Sunday, March 05, 2006

My Favorite Polish Cowboy

(Czeslaw in his Stetson and bolo tie, pictured with one of his grandsons)

I never met him in person but I loved him just the same. He was a big fan of John Wayne movies and American cowboys. He had his own farm in Poland but owned no wild rodeo bulls or mustangs. By the time I found this branch of my family in Poland, Czeslaw was already retired. He spent his days in the company of his wife and enjoyed visits by his children and grandchildren every Sunday.

When I inquired about family history, he was a fountain of information. He was happy to share stories... even the unhappy ones. He was a strong believer in family and was just delighted to be able to reconnect with his family in America. He'd lost track of them many years ago as commonly happens. He told me of his father and how he'd been conscripted into the Russian army and sent to Siberia. And he told me how he came to marry his wife and relocate hundreds of miles across Poland from the village where he grew up. He told me sad stories, and funny ones. He was a natural story teller and I was all ears.

The first Christmas after I found Czeslaw I sent him a Stetson hat. He was so proud of that hat he paraded around his village in it bragging to anyone that would listen. Every year after that I sent him some other western memorabilia. One year a bolo tie, another year a belt buckle with a Texas longhorn steer on it. He love it all. He might have been Polish by birth but he was an American cowboy at heart.

Czeslaw died two days ago, almost one year to the day after his beloved wife of 46 years. He will be missed by his family and friends in Poland but no more than he will be missed by his family here in America. Once we found him, we loved him. He will live on in our hearts and in our memories as our favorite Polish cowboy. Rest in peace Czeslaw. I'll never watch another John Wayne movie without thinking of you.

This is why everyone should research their family history... to find the Polish cowboy on their tree.


  1. If you never met him in person, how did you get him to tell you all those family stories?

    Letter? Phone?

    When I first saw the stetson in the foto, I wondered where in the west he was, and what kind of emigration story there was. So greatly (and happily) surprised that the Stetson was from you!

  2. Thank you for your comment Susan. Czeslaw's stories came to me via the internet. He didn't have a computer of his own and he didn't speak English, but his grandson was learning English and did have a computer. Czeslaw would sit beside his grandson while he and I would IM for hours at a time and he would patiently answer my questions. And later when he would remember something he forgot to tell me he would have his grandson send me an email. I miss him very much.

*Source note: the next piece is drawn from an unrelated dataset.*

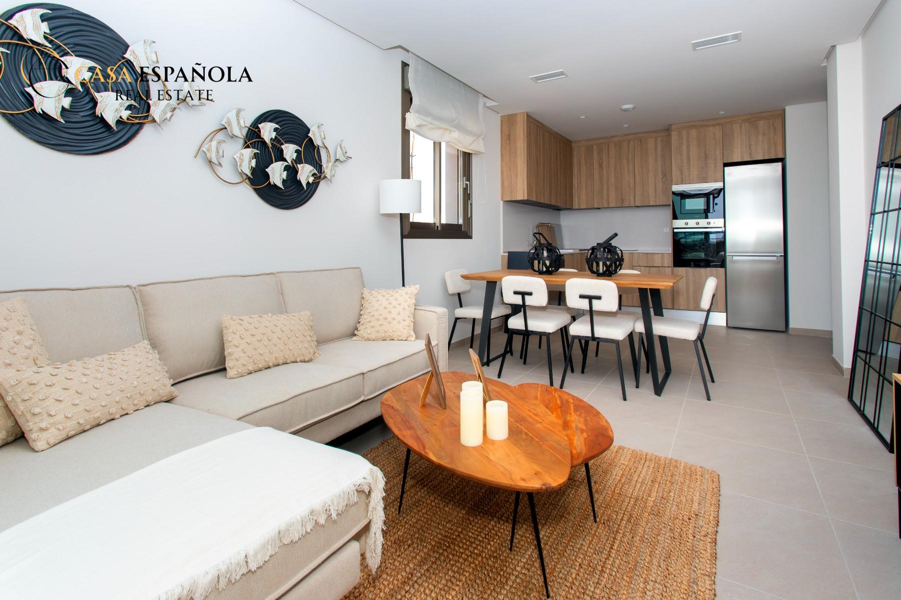Moderno residencial cerrado compuesto por viviendas de 2 y 3 dormitorios y 2 baños completos. El complejo está formado por 3 bloques de apartamentos con amplias zonas comunes ajardinadas que incluyen piscina con camas de agua, parque de juegos infantil, pérgola y aparcamiento para bicicletas.

    Czeslaw was born in Grabno, Poland but lived most of his adult life on his farm in Przylesie, Poland.

  3. Wow. That's a jaw-dropper. Sittin' side by side IM and simultaneous translation from Polish to English? Say it backwards: wow. I imagine that it was a great experience for Czeslaw and his grandson to do that, no?

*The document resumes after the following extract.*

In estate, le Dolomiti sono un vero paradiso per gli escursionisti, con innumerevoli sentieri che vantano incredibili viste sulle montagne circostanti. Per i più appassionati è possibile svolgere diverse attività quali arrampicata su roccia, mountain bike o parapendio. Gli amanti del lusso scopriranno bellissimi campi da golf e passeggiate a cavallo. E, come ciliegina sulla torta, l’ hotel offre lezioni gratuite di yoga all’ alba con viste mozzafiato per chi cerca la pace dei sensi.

  4. It was a great experience for Czeslaw and his grandson. It wasn't the only wonderful experience either. I sent them a webcam and one Christmas Eve we each gathered our whole families around and had a simultaneous webcast across the many miles between us. I will always remember that. I wish I could have recorded it somehow but Yahoo Video didn't allow for that then (don't know if they do now or not). I should write a blog post about that. It's a great memory.